Large Language Models in Cybersecurity: Threats, Exposure and Mitigation

https://link.springer.com/content/pdf/10.1007/978-3-031-54827-7.pdf

A tremendous, free book from the Swiss Federal Office for Defense Procurement’s Cyber-Defense Campus. In it, multiple experts discuss many dimensions of AI and Cybersecurity. This link could take you a long time to read, and might be worth it. But here’s how I recommend you consume it:

Upload it to Claude, ChatGPT, or your model of choice

Chat with it to think through various topics on your mind.

For example, I asked Claude for a summary:

Here’s a ChatGPT GPT: LLMs in Cybersecurity Book that you can feel free to use to explore this topic yourself!

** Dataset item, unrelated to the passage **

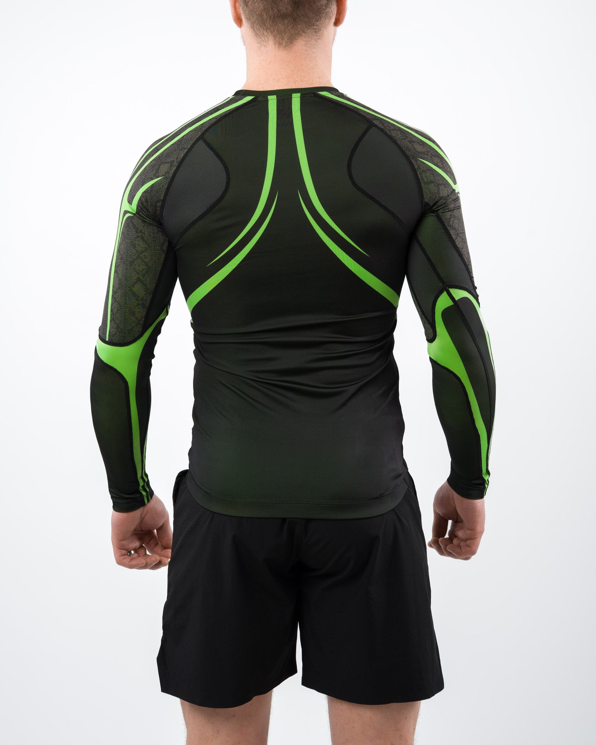 Anaconda Evolution Long Sleeve Rashguard in Black & Green for BJJ practitioners

California SB-1047 AI Safety Law

https://leginfo.legislature.ca.gov/faces/billTextClient.xhtml?bill_id=202320240SB1047

California is currently debating a law that would regulate the development of powerful AI models and put additional liability on model developers for the outcomes of their models if used to cause harm. It has already passed the Senate and will move through the assembly later this year. This legislation has been polling extremely well, and it may be the next major law that impacts AI use in the United States. Since most AI companies are based in or have major presences in California, this can impact the overall AI market and how organizations respond.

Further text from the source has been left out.